Basics of Laboratory Testing
As stated earlier, laboratory diagnosis begins with finding immature cells on the peripheral blood smear. If blasts are seen, the next step would be to characterize the lineage of the blasts. Bone marrow biopsies and smears are then obtained. If blasts are 20% or greater in the bone marrow and/or peripheral blood, presumptive acute leukemia can be determined. Additional steps that can be taken: Further morphologic evaluation Cytochemical staining Conventional cytogenetic analysis Appropriate molecular genetic and/or FISH studies Obtaining possible CSF sample, skin or other biopsies, depending on patient's clinical situation Steps 1 and 2 were discussed earlier in the sections on "differentiation between myeloid and lymphoid lines" and "distinguishing between acute or chronic leukemia". Steps 3 and 4 will be discussed in the following pages.
Diagnosing ALL
As with AML, ALL is first suspected when blasts are seen on the peripheral blood smear. 20% or greater blasts in the blood or bone marrow constitute a diagnosis of acute leukemia, and then establishing that they are lymphoblasts will give an initial diagnosis as ALL. Techniques as described in the section on cytochemical stains can help distinguish myeloblasts from lymphoblasts.
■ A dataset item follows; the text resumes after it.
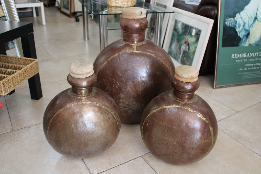 Three Vintage Moroccan Metal Flasks Big 56cm High Small 28cm High
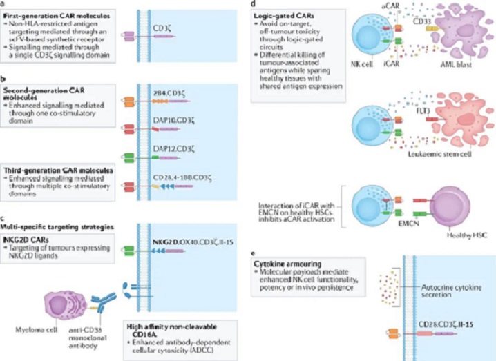 嵌合抗原受體(CAR)能修飾T細胞,搞出大獲成功的CAR-T療法,那也可以把NK細胞“CAR一下”,讓NK細胞能夠識別癌細胞表面抗原,而且與CAR有關(guān)的抗原非依賴性信號(tonic signaling),也可能更好地激活NK細胞的抗腫瘤活性。

In ALL, lymphoblasts can sometimes be very numerous, as much as 90% of the total white blood count. Bone marrow smears and biopsies are usually done next; the bone marrow can typically show between 25-95% lymphoblasts. To further establish a definitive diagnosis, immunophenotyping using flow cytometry and cytogenetic studies can be performed. More information on this will follow under laboratory diagnosis. Also, a lumbar puncture to analyze the CSF is usually done upon initial diagnosis. If the central nervous system is involved, further testing might be done. Coagulation studies and baseline chemistries are also done. The image at the right shows a smear with numerous lymphoblasts.
Prognostic Factors for ALL
As with AML, an accurate assessment of prognosis is important for the treatment and management of ALL. Both clinical factors and cytogenetic changes impact prognosis and treatment. The two most important clinical factors are age and white blood count. The younger the age and the lower the white blood count at the time of initial diagnosis, the better the prognosis. Even including cases with less favorable cytogenetic profiles, the prognosis for children of disease-free survival for five years is >80%. Someone with disease-free survival for five years is considered to be cured. Among cytogenetic findings, hyperdiploidy (~51-65 chromosomes) and the absence of Philadelphia Chromosome are associated with a good prognosis. The bullets below summarizes some of the clinical and genetic prognostic factors.
Blastic Plasmacytoid Dendritic Cell Neoplasm
Blastic plasmacytoid dendritic cell neoplasm (BPDCN) is a rare but very aggressive leukemia. Patients show characteristics similar to leukemia and lymphoma; it is found in the bone marrow and blood, but can spread to lymph nodes, spleen, central nervous system, and skin. The skin lesions are characteristic and appear deep purple and numerous. Most patients have been elderly males. This leukemia derives from plasmacytoid dendritic cells and like ALAL has phenotypic ambiguity. It has also been known as blastic NK cell leukemia/lymphoma. The leukemic cells are negative for many of the cytochemical stains such as myeloperoxidase, α-naphthylbutyrate esterase, ND naphthol AS-D chloroacetate esterase. They show complex karyotypes and genetic mutations. Treatment requires high levels of chemotherapy. Because this disease is usually found in very elderly patients who typically can not tolerate such regimens, targeted therapies are being pursued. The image to the right is a bone marrow aspirate of BPDCN which shows medium to large cells with scant cytoplasm, immature chromatin, irregular nuclear contours and prominent nucleoli.
Classification Systems
Both acute lymphoblastic leukemia (ALL) and acute myeloid leukemia (AML), along with the other neoplastic blood disorders were originally classified by the French-American-British (FAB) system. The FAB classification system was based primarily on cell staging, cell morphology, and cytochemical staining. As genetic and chromosomal changes causing these disorders were discovered and new techniques for identifying the changes were developed, the World Health Organization (WHO) established a new classification system based on this new information. The WHO classification is based on multiple parameters: cell staging, morphology and cytochemistry are part of the initial diagnosis; chromosomal changes through karyotype analysis, molecular genetic changes, and immunophenotyping of cell surface markers are then used to more specifically and accurately classify them. Initial diagnosis also includes relevant clinical data such as medical history, possible toxic exposures, and sometimes physical exam including imaging studies.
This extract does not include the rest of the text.